13. Multiple Inheritance for Capability Modeling
interface Readable {
void read();
}
interface Writable {
void write();
}
class FileHandler implements Readable, Writable {
public void read() {
System.out.println("Reading file");
}
public void write() {
System.out.println("Writing file");
}
public static void main(String[] args) {
FileHandler f = new FileHandler();
f.read();
f.write();
}
}
Output
Reading file
Writing file
14. Interface + Default + Override
interface A {
default void show() {
System.out.println("A default");
}
}
interface B {
default void show() {
System.out.println("B default");
}
}
class C implements A, B {
public void show() {
B.super.show();
}
public static void main(String[] args) {
new C().show();
}
}
Output
B default
15. Real-World Example (Selenium-Style)
interface Clickable {
void click();
}
interface Typeable {
void type(String text);
}
class WebElement implements Clickable, Typeable {
public void click() {
System.out.println("Clicked");
}
public void type(String text) {
System.out.println("Typed: " + text);
}
public static void main(String[] args) {
WebElement e = new WebElement();
e.click();
e.type("Hello");
}
}
Output
Clicked
Typed: Hello
16. Multiple Inheritance Prevents Code Duplication
interface Loggable {
default void log() {
System.out.println("Logging");
}
}
interface Trackable {
default void track() {
System.out.println("Tracking");
}
}
class Service implements Loggable, Trackable {
public static void main(String[] args) {
Service s = new Service();
s.log();
s.track();
}
}
Output
Logging
Tracking
17. Interface Reference Hiding Implementation Details
interface A {
void show();
}
interface B {
void test();
}
class C implements A, B {
public void show() { System.out.println("Show"); }
public void test() { System.out.println("Test"); }
public static void main(String[] args) {
A a = new C();
a.show();
// a.test(); // not accessible
}
}
Explanation: Reference type controls accessible methods.
18. Multiple Inheritance vs Class Inheritance (Contrast)
class A {}
class B {}
// class C extends A, B {} // ❌ not allowed
interface X {}
interface Y {}
class Z implements X, Y {} // ✔ allowed
Explanation: Java allows multiple inheritance only via interfaces.
19. Interview Trap – Same Default Method Signature
interface A {
default void run() {}
}
interface B {
default void run() {}
}
class C implements A, B {
// must override run()
public void run() {}
}
Explanation: Mandatory override due to ambiguity.
20. Interview Summary – Multiple Inheritance Using Interface
interface A {
void a();
}
interface B {
void b();
}
class C implements A, B {
public void a() { System.out.println("A"); }
public void b() { System.out.println("B"); }
public static void main(String[] args) {
A a = new C();
B b = new C();
a.a();
b.b();
}
}
Key Points
- Achieved using implements
- Supports multiple inheritance safely
- Resolves diamond problem
- Promotes loose coupling & polymorphism
Common Beginner Mistakes
- Trying to extend multiple classes
- Forgetting to implement all interface methods
- Confusing extends vs implements
- Ignoring default method conflicts
- Overusing interfaces without need
Interview-Ready Answers
Short Answer
Java supports multiple inheritance using interfaces, not classes.
Detailed Answer
Java avoids multiple inheritance with classes to prevent ambiguity (diamond problem).
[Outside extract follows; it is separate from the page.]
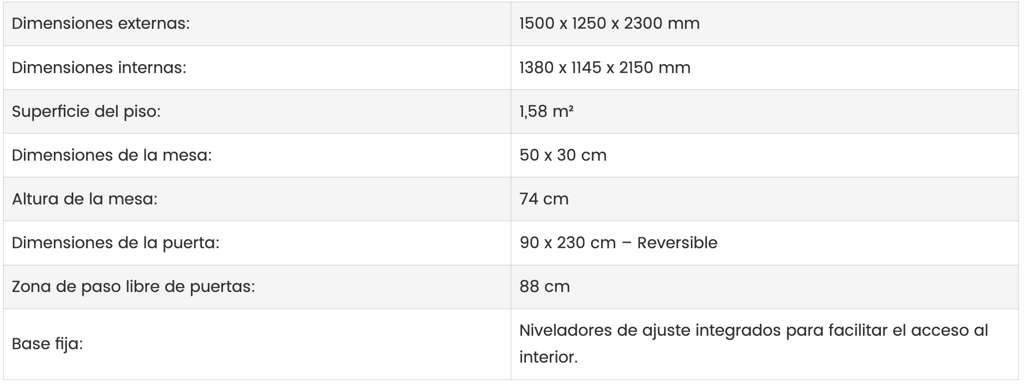 Fácil instalación: Las cabinas están diseñadas para ser fáciles de instalar y se pueden montar sin necesidad de obras importantes.

However, it supports multiple inheritance using interfaces, where a class can implement multiple interfaces and provide its own implementation, ensuring clarity and flexibility.
Key Takeaway
Java achieves multiple inheritance safely through interfaces. This design delivers flexibility without ambiguity, making interfaces a cornerstone of robust Java architecture.